The air cooled as he climbed, the ridge catching the breeze. Its heights commanded the terrain for miles around. He spared a brief moment of gratitude to Grim for finding such a perfect site. Halfway up the grey shoulder of rock Kobin paused to catch his breath and scanned the horizon with the vague, irrational hope that he could spot some sign of Fourth Echelon's presence, but nothing revealed itself. When he looked down the highway he saw the 18-wheeler pulled over onto the shoulder about a mile away as if the driver had stopped for a rest. The column of APCs curled around the end of the canyon and into the cover of the escarpment on the far side. The first transports had already parked and disgorged their cargo of Petunia's mercs in plain battle dress, black sticks of weaponry across their backs (varied loadout, fifty caliber antimateriél rifles mixed with antipersonnel pieces, bargain-bin AKs for cleanup). Their numbers seemed, at once, to be endless, and Kobin's stomach clenched for reasons that had nothing to do with motion sickness.

He looked out again towards the golden fields. Two fingers tapped again at the old scar beneath his sternum.

_Fisher, I sure hope you're out there._

_Come and save me one more time._

* * *

 _"Kostiuk's here,"_ announced Charlie. Sam had heard the incredible racket of the armor column some five minutes ago and so he only murmured, "Copy that."

 _"He's in the Range Rover,"_ Charlie continued. _"I read at least three thermal signatures in there."_

Sam stared out through the slit in his camo shroud. A crunch of tires, spray of dirt, and a bright red Range Rover pulled to a halt about twenty meters below the hollow in the ridge where he lay concealed. Doors slammed. The sound came to him a fraction of a second out of sync. A driver slash bodyguard opened the rear door and Leonid emerged wearing sunglasses and a smug grin. The man kept holding the door and a moment later a familiar figure staggered out as well.

"I've got eyes on Kobin," reported Sam. He toggled the zoom functions on the goggles. "Doesn't look injured."

 _"Copy that, getting his signal loud and clear,"_ said Grim. _"Kostiuk still on the hook?"_

"From what I can tell. But he's keeping Kobin close to hand. His reputation precedes him."

_"That could be a problem. We spring the trap, he might just turn around and shoot Kobin before we can get to him."_

"He's armed," said Sam. "He's going to have to take care of himself for this one."

 _"They're deploying,"_ reported Briggs from his ledge. He had climbed about three-quarters up the cliff face and wedged himself into a neat little alcove. A sheet of camo netting made his perch just another blank patch of stone.

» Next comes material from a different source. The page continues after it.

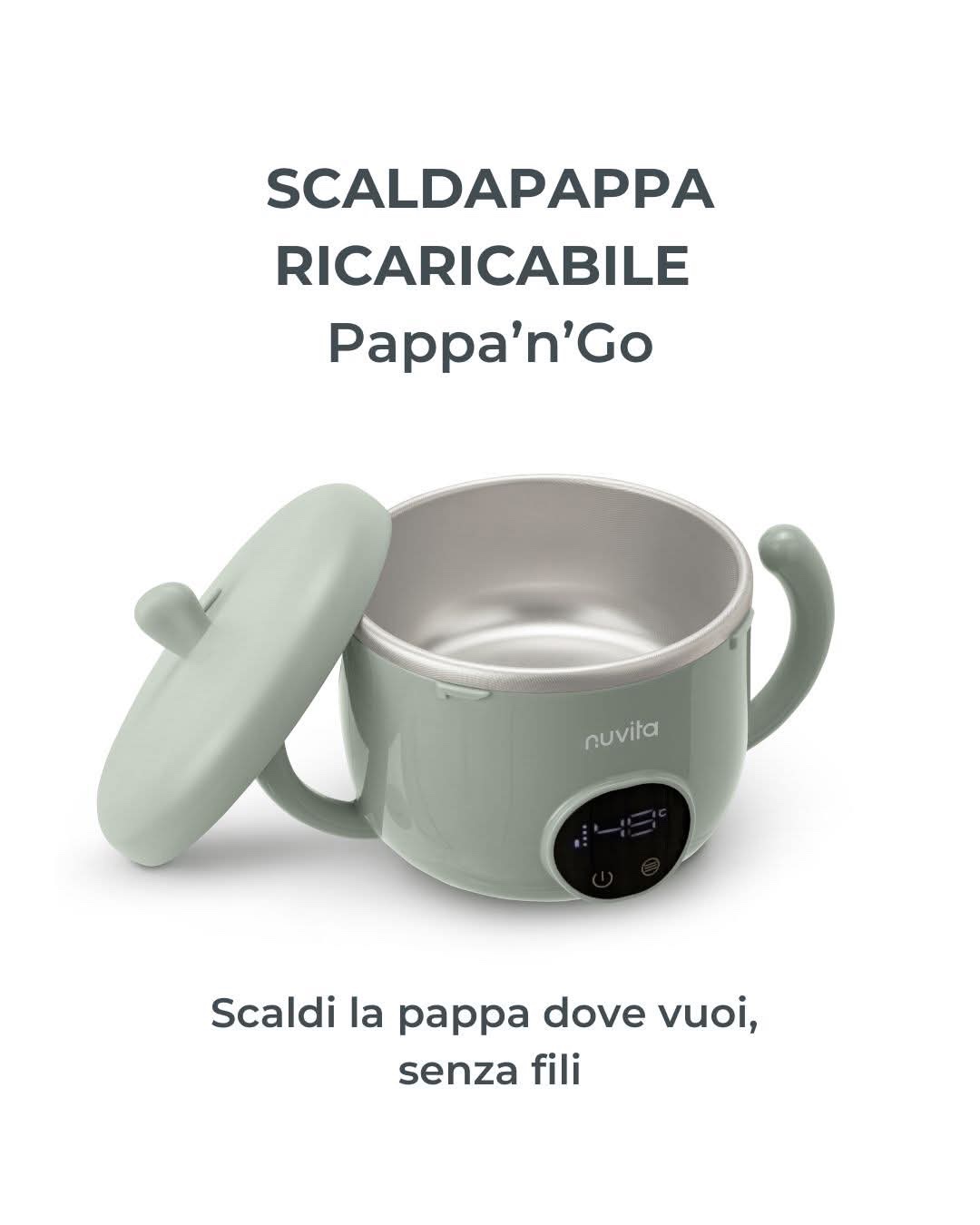 Realizzato con materiali di alta qualità e dotato di display touch, lo scaldapappa Pappa’n’Go funziona sia collegato ad una presa di corrente che con batteria ricaricabile per poterlo utilizzare ovunque; senza più aver la preoccupazione di dove, come e quando riscaldare la pappa quando si è fuori casa.

Kostiuk's little caravan had parked beneath him without, it seemed, noticing him at all.

 _"Looks like seven APCs, Russian make,"_ he relayed quietly. _"I count 41 hostile personnel, armed, long guns."_

 _"Confirmed, 41 hostiles, tallies with what we're seeing,"_ reported Grim. _"Sam, there's another 10 on your side, plus Kobin, Kostiuk, and the bodyguard."_

 _"I can hole the engines from here once the shooting starts, keep them from getting away,"_ offered Briggs. 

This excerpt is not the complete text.